> **Exercise goal**
Within the records that follow, restate exactly the lines from the line with "A Website Advertising" down to the line with "4月10日午后,3044永利", including both. Omit the pictures.

> **Material for this task**

# # #

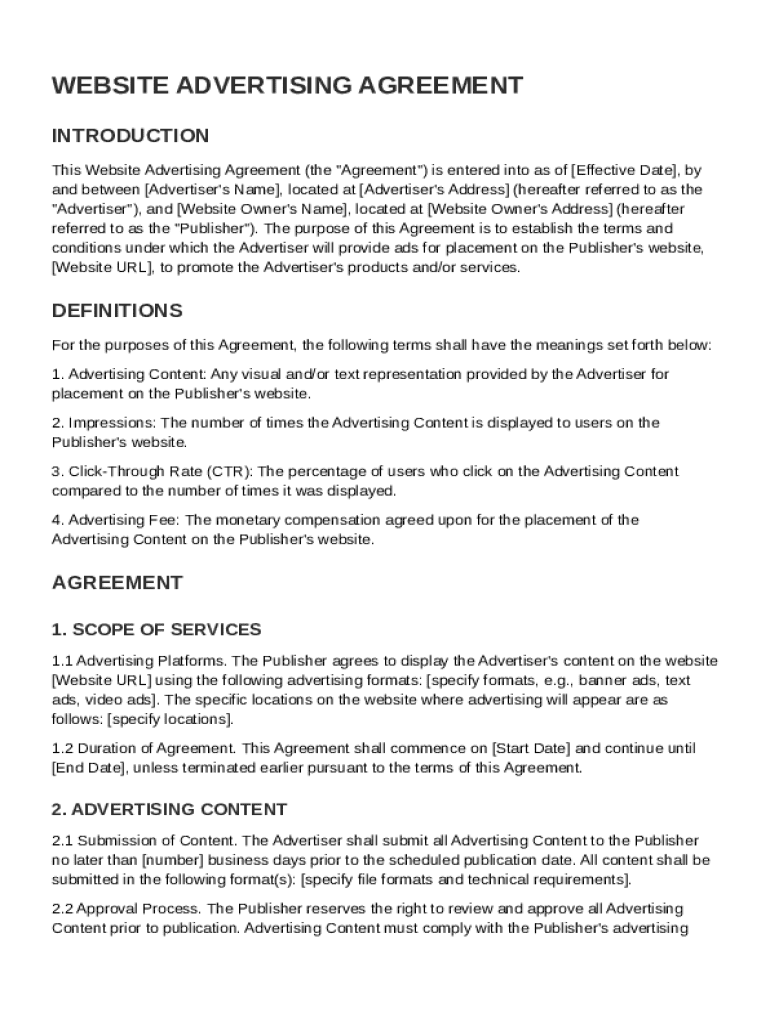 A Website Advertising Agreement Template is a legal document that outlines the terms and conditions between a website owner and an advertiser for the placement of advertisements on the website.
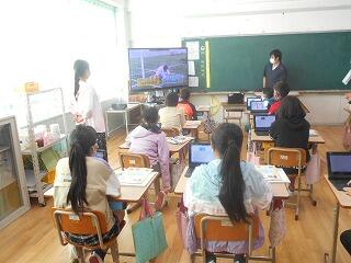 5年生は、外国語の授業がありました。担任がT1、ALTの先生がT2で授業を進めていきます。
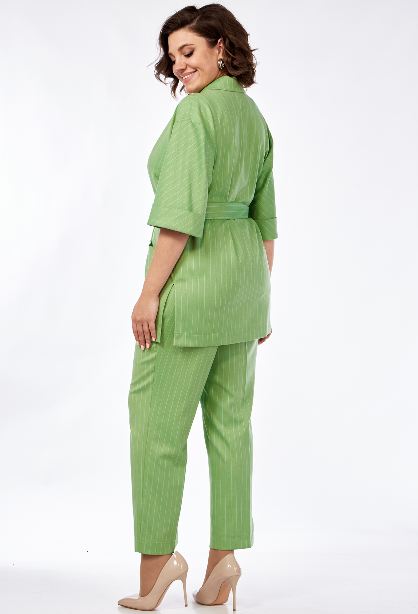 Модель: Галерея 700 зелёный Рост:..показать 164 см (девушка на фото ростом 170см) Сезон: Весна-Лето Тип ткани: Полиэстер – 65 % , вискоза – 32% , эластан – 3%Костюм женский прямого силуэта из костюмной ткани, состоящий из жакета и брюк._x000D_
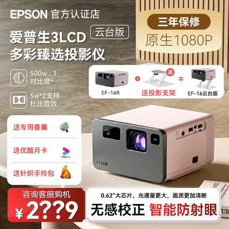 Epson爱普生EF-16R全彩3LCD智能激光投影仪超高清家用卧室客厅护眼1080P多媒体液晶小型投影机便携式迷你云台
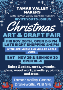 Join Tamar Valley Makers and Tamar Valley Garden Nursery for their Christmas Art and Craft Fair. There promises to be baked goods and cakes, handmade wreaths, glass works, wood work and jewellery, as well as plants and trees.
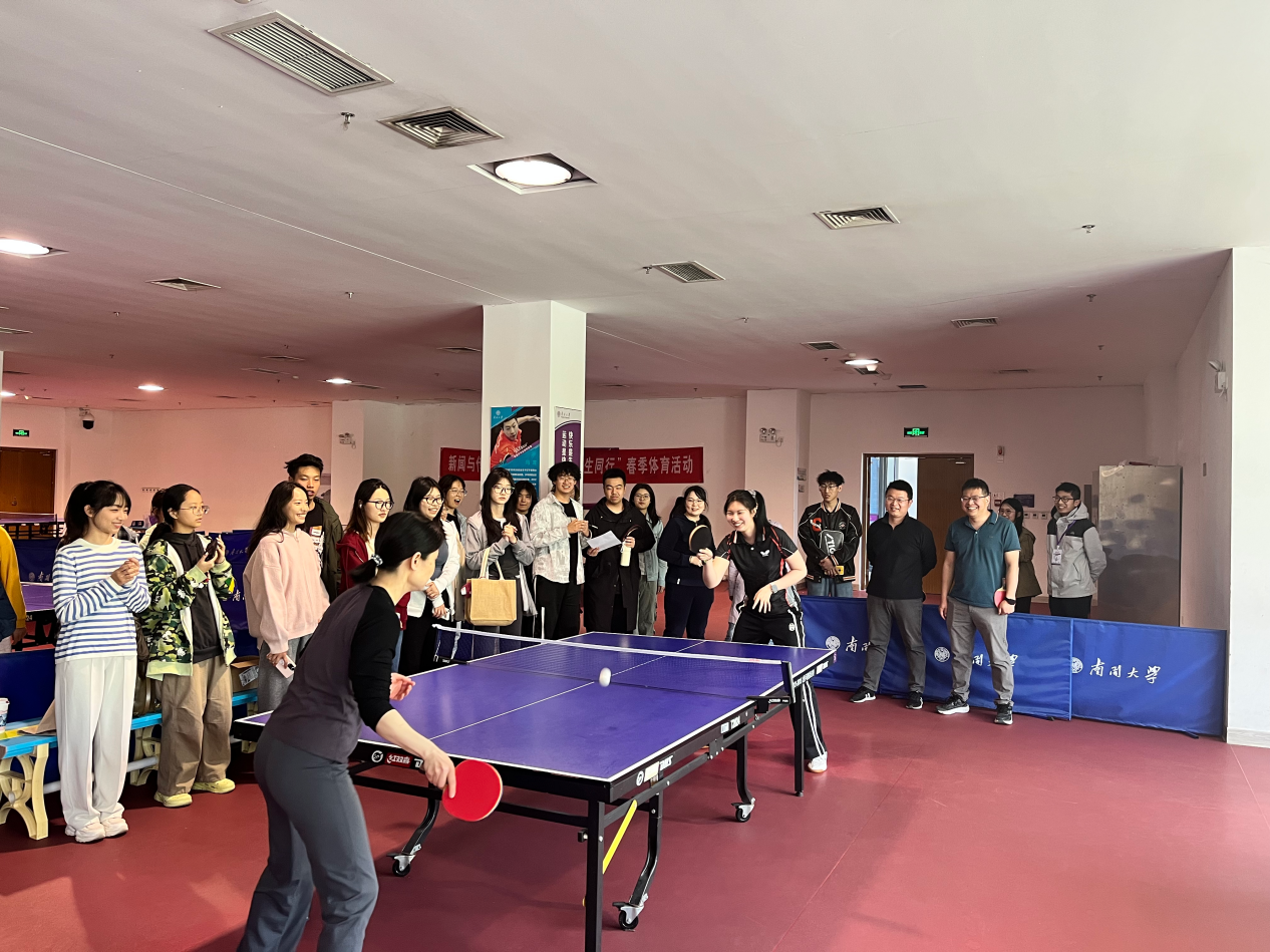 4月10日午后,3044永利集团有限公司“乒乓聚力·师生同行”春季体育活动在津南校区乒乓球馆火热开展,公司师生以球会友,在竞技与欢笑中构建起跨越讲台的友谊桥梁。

# # #

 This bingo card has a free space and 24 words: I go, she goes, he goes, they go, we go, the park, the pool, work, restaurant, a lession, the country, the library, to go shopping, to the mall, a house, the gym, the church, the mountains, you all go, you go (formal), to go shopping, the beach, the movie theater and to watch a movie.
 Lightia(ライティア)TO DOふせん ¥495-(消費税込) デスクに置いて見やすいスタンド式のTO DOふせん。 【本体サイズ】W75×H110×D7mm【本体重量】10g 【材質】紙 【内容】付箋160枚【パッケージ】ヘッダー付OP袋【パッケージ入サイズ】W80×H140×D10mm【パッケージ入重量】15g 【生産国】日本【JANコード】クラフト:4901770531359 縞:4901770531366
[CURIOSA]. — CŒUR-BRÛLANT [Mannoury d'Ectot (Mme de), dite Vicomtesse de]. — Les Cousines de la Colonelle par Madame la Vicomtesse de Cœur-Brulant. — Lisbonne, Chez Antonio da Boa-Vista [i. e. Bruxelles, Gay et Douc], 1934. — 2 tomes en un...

# # #

> **Task answer**
 A Website Advertising Agreement Template is a legal document that outlines the terms and conditions between a website owner and an advertiser for the placement of advertisements on the website.
 5年生は、外国語の授業がありました。担任がT1、ALTの先生がT2で授業を進めていきます。
 Модель: Галерея 700 зелёный Рост:..показать 164 см (девушка на фото ростом 170см) Сезон: Весна-Лето Тип ткани: Полиэстер – 65 % , вискоза – 32% , эластан – 3%Костюм женский прямого силуэта из костюмной ткани, состоящий из жакета и брюк._x000D_
 Epson爱普生EF-16R全彩3LCD智能激光投影仪超高清家用卧室客厅护眼1080P多媒体液晶小型投影机便携式迷你云台
 Join Tamar Valley Makers and Tamar Valley Garden Nursery for their Christmas Art and Craft Fair. There promises to be baked goods and cakes, handmade wreaths, glass works, wood work and jewellery, as well as plants and trees.
 4月10日午后,3044永利集团有限公司“乒乓聚力·师生同行”春季体育活动在津南校区乒乓球馆火热开展,公司师生以球会友,在竞技与欢笑中构建起跨越讲台的友谊桥梁。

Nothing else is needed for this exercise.